Visualization of YscF was carried out as previously described (31), with the following modifications. Coverslips were blocked overnight with phosphate-buffered saline with Tween 20 (PBST) plus 3% bovine serum albumin (PBST-BSA) at 4°C. The blocking solution was removed, an anti-YscF primary antibody was added at 1:10,000 in PBST-BSA, and the mixture was rocked at 4°C for 4 h. The coverslips were carefully rinsed in ice-cold PBST plus 0.1% Tween 20 several times, incubated with an Alexa Fluor 594-conjugated anti-rabbit secondary antibody (Invitrogen) at 1:10,000 in PBST-BSA, rocked at 4°C for 3 h, and rinsed again in ice-cold PBST plus 0.1% Tween 20 several times. The coverslips were then stained for nuclear material with Hoechst 33342 (Thermo Scientific) at 1:10,000 in PBST-BSA and left in the dark at room temperature for 30 min. The coverslips were washed in ice-cold PBST plus 0.1% Tween 20 several times, allowed to dry briefly, mounted onto glass coverslips with ProLong Gold (Thermo Scientific), and sealed with clear nail polish. Images were taken with a Zeiss Axio Imager Z2 widefield microscope under 63×/1.4 oil immersion with Zen software and pseudocolored and merged in FIJI. The conditions were blinded, and the puncta associated with a single bacterium were counted.
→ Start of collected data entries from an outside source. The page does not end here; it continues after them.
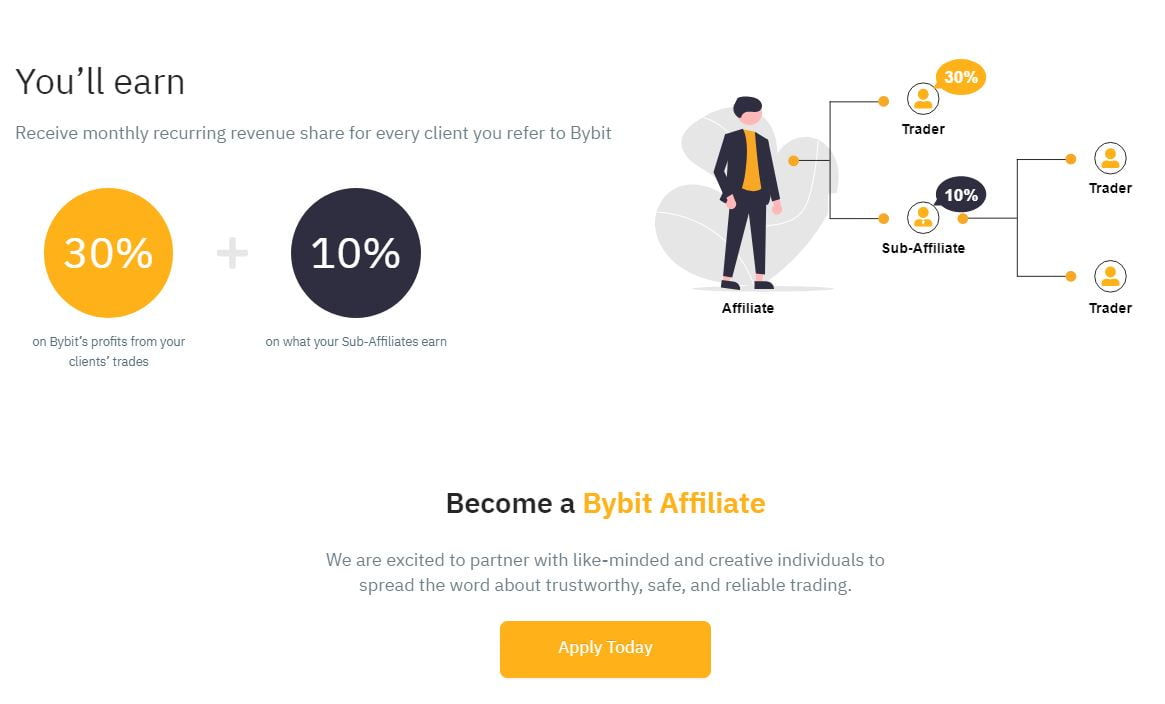 Bybit owes much of its rapid growth to its referral program, also known as the affiliate program. This program offers substantial rewards, allowing you to earn up to 1025 USDT and receive a 30% commission from the trading fees of users who sign up using your referral link. Additionally, you'll enjoy a 10% discount on the trading fees of sub-affiliates who register under your direct affiliates.
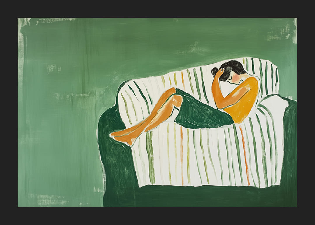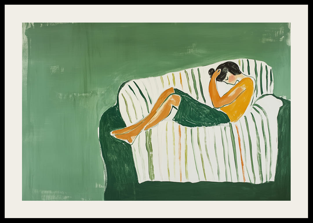 Šiame plakate užfiksuota ramybės ir savistabos akimirka, vaizduojama atsipalaidavusi figūra sodriai žaliame fone. Švelnūs potėpiai ir harmoningos spalvos sukuria ramybės ir ramybės pojūtį.
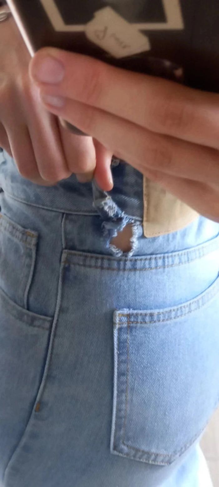 Jean shein Taille 36=S Taille petit!! Plutôt XS ou moins de cuisse que moi... car il me sert ! Troué voir photo!! Taille haute #Taille36 #shein #tiktok #fassions #jean #petit
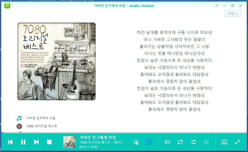 일부의 경우를 제외하고 NAS에 태그정리 없이 음악 파일을 일단 넣어놓는 것이 중요하니 아래와 같이 앨범 커버도, 가사도 없는 음원을 재생하게 될 것입니다. 오디오 스테이션에 내장되어 있는 리릭 위키 플러그인은 라이선스가 요구되어 가사 일부만 표시된다고 하는데 이 마저도 외국곡 중심이기도 하며, 곡 매칭도 잘 안되어 가사가 아예 안 보이는 경우가 허다합니다.
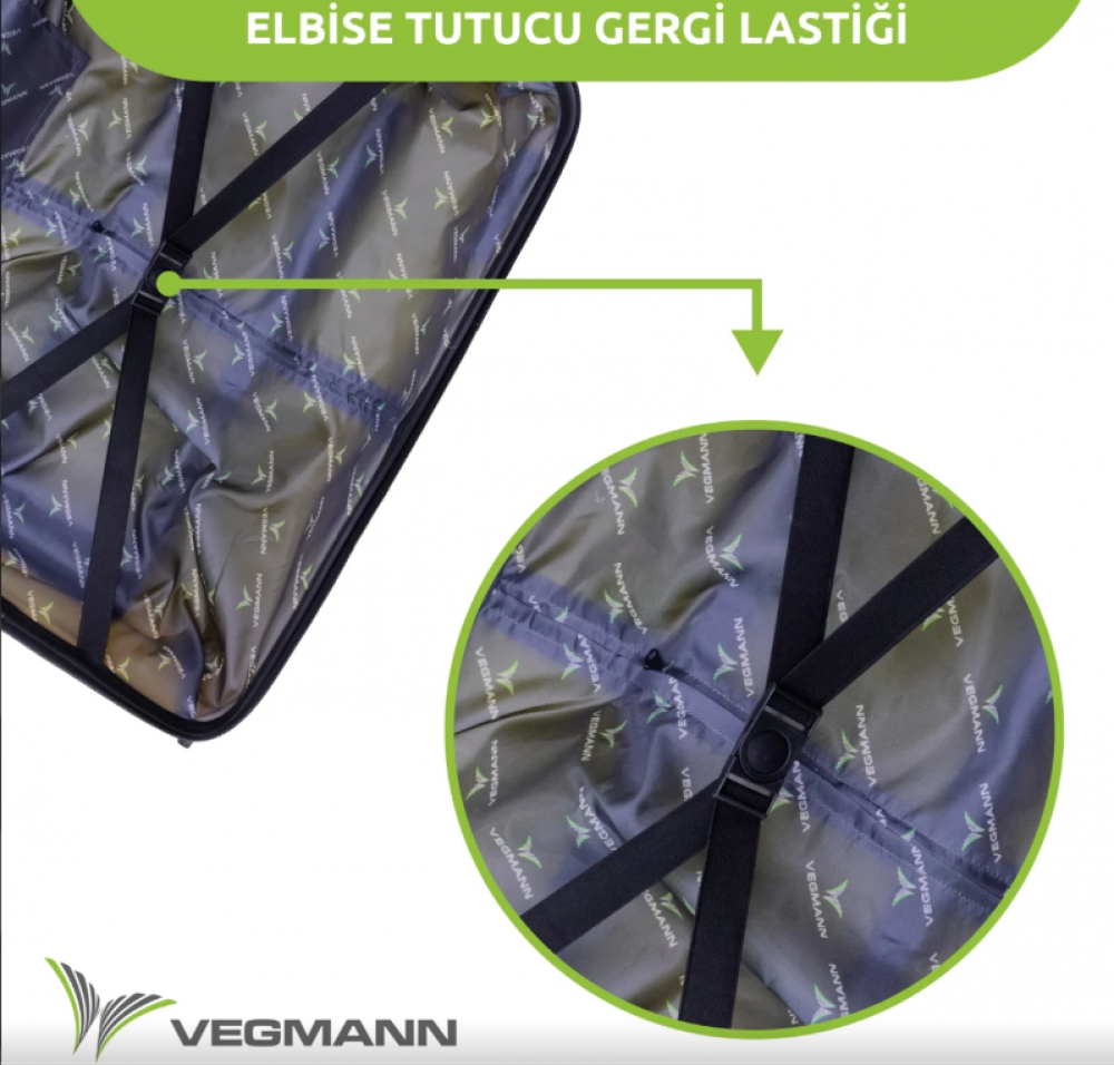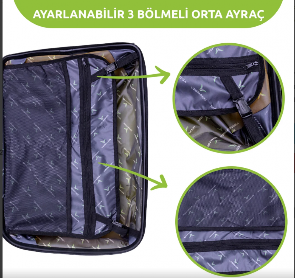 İç lastikli kilitli kemer ve fermuarlı bölme sayesinde eşyalar sabit ve düzenli kalır
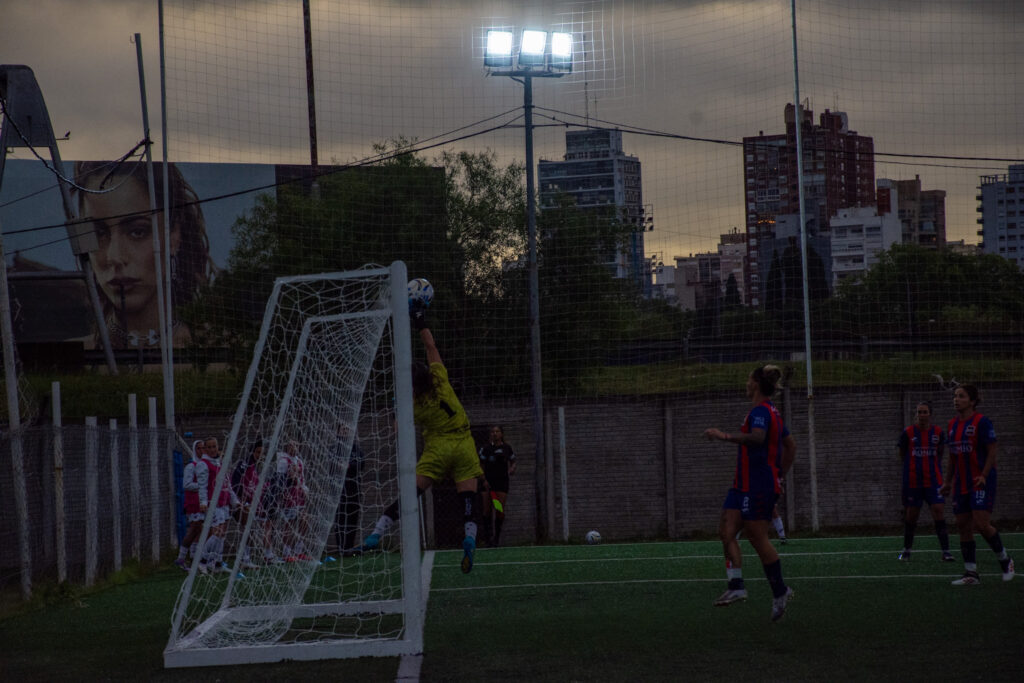 Lorena Zaracho y Cleo Santos fueron las modificaciones que eligió Quiroga para potenciar el sector delantero. A los 40 minutos, el conjunto de San Andrés de Giles desde el córner nació la ilusión de la visita, la pelota cayó en área de Maia Vilalta que en dos tiempos y con suspendo logró contener el balón para mantener su arco en cero.
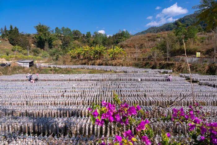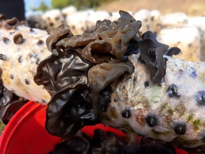 龙川江畔湿润的气候与肥沃的土壤,孕育出的黑木耳品相上乘——一面网灰一面墨黑,泡发率可达1:18,妥妥的一级品质。当地金秋十月播种菌包,冬月便能采收,采摘期可持续至次年五六月份。“这墒我们已经摘了10多桶,大概400多斤!”沈会香捧着刚采收的木耳,笑意盈盈,她熟练地分享晾晒诀窍,“晒到摸着脆生生的,就算干透了。”
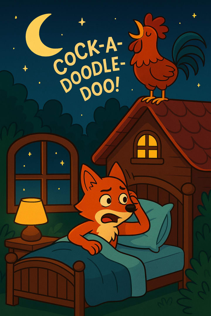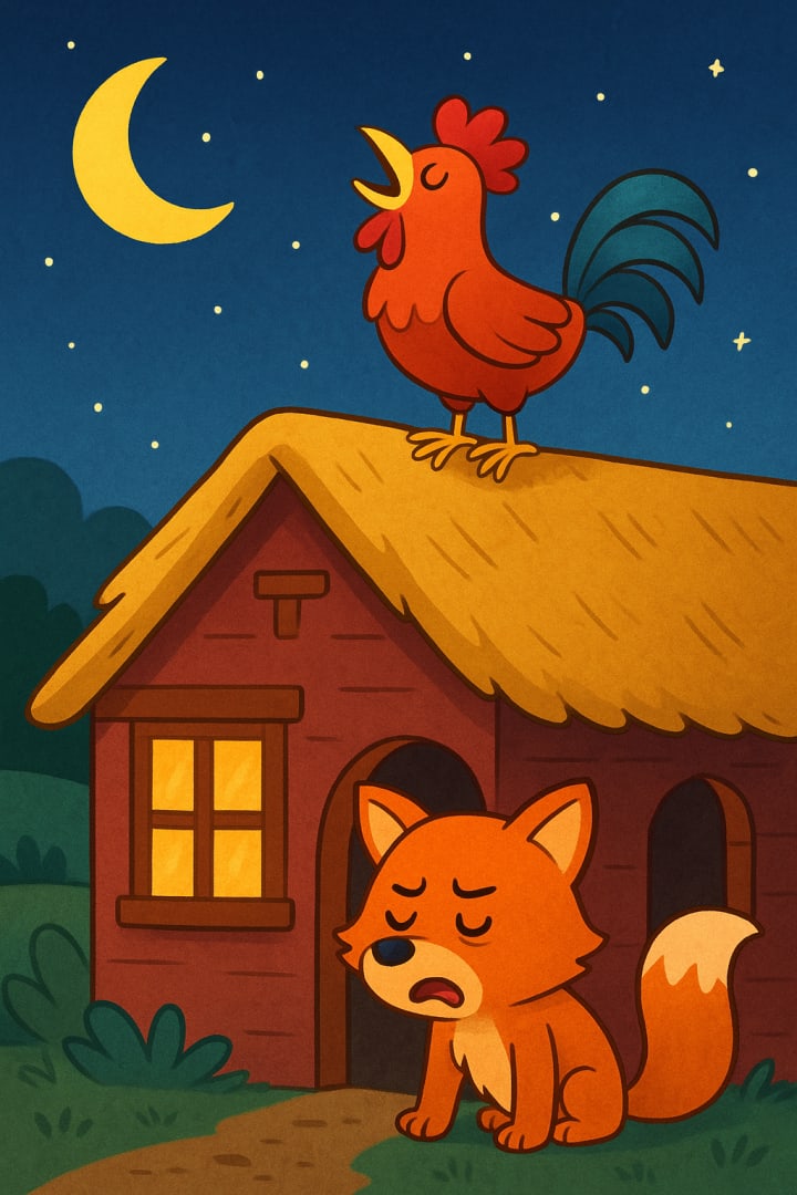 That was exactly what the clever rooster wanted — to keep the fox awake so he couldn’t return to the farm.
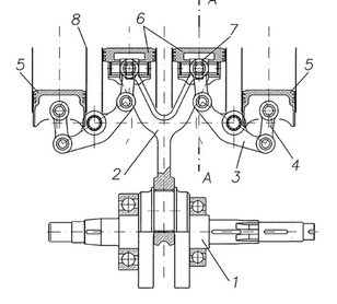A kéthengeres 900SS főtengelye változtatás nélkül alkalmas a V8-hoz. Meglepően hangzik, a képen is látható a szabadalom lényege: a négy hengerhez csupán egy hajtókar kell. A kis nyolchengeres hengerűrtartalma 868 köbcenti, a furat-löket aránya 56×44 milliméter.
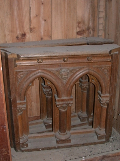 Clôture de choeur : chêne : tourné, mouluré, découpé, décor dans la masse, décor en bas relief ; 75 h. oeuvre déposée. 2e moitié 19e siècle. Fig. 72.
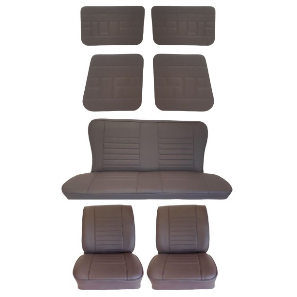 Coiffes Siège Avant et Arrière + Panneaux de Portes en simili cuir marron compatible avec Renault 4 L à partir 1980
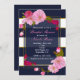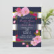 Blåvit och Guld Modern Blommigt Chic Party-inbjudan. Matchande objekt är tillgängliga.
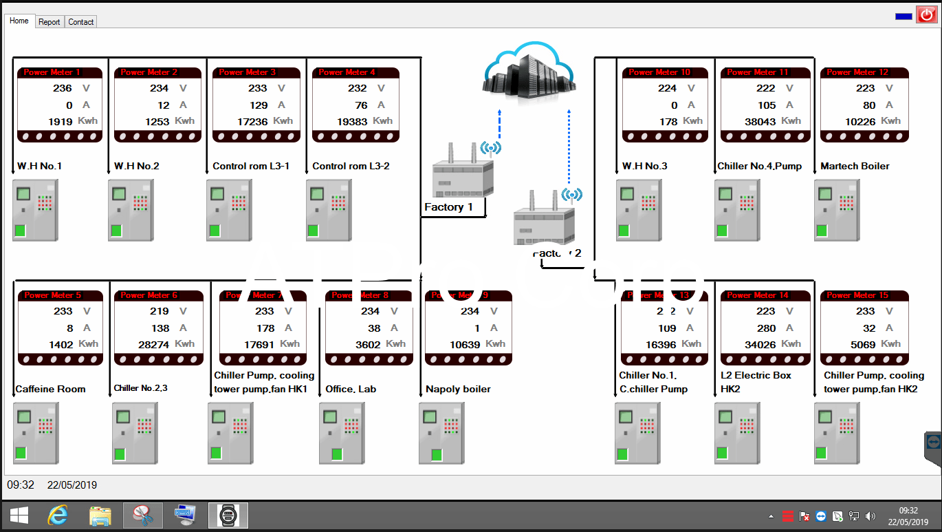 AT-PMS software centrally manages all power meters of the plant running on ATBOX industrial computer. This electricity monitoring software must have the quality of SCADA - Supervisory Control And Data Acquisition software. Translated into Control Software for monitoring and data acquisition. Inherited from Lab's ATSCADA software. So the AT-PMS power management software has innate features:
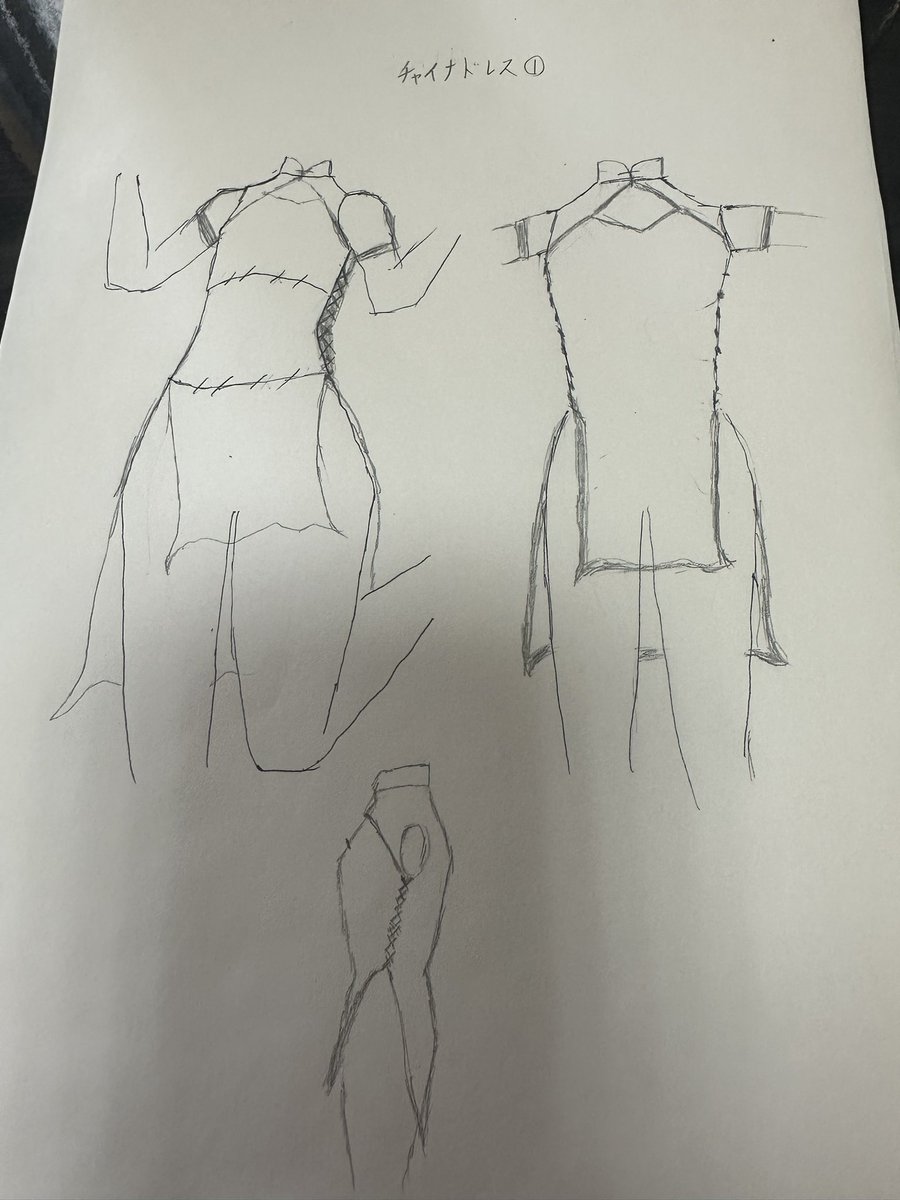 0 11 〜くまのチャイナドレスver.途中経過〜 デザイン1つ目 想像が捗らなくて作業が難航しておる #七八絵まの 23/03/04 16:08

Y. enterocolitica bacteria expressing N-terminal fluorescent fusions of cytosolic T3SS components, EGFP-YscK, mCherry-YscL, EGFP-YscQ, or EGFP-YscD joined by a glycine-rich flexible 13-amino-acid linker and expressed from the native genetic environment on the virulence plasmid (47, 48) were grown overnight in BHI broth containing nalidixic acid (35 μg/ml) and diaminopimelic acid (80 μg/ml). Main cultures were inoculated to an OD of 0.12 in the same medium additionally complemented with 5 mM EDTA, 10 mM MgCl₂, and 0.4% glycerol. Cultures were grown for 1.5 h at 28°C. A 71 μM concentration of piericidin A1 or the equivalent volume of DMSO was added, and the cultures were switched to 37°C for another 3 h. A 1.5-μl volume of the culture was layered on a patch of 1.5% agarose in M22 medium supplemented with 80 μg/ml diaminopimelic acid, 5 mM EDTA, 10 mM MgCl₂, 0.4% glycerol, and either 71 μM piericidin A1 or the equivalent volume of DMSO. Fluorescence and DIC images of z stacks (n = 4, Δz = 250 nm) were taken on a Deltavision optical sectioning microscope (Applied Precision) equipped with a UPlanSApo 100×/1.35 oil objective (Olympus). DIC frames were imaged for 10 ms, and mCherry and EGFP frames were imaged for 1 s with appropriate filter sets. Detection and quantification of fluorescent foci were performed as described in reference 33.

Statistical analysis was performed with Kaleidagraph (Synergy Software) or GraphPad as specified in each figure legend.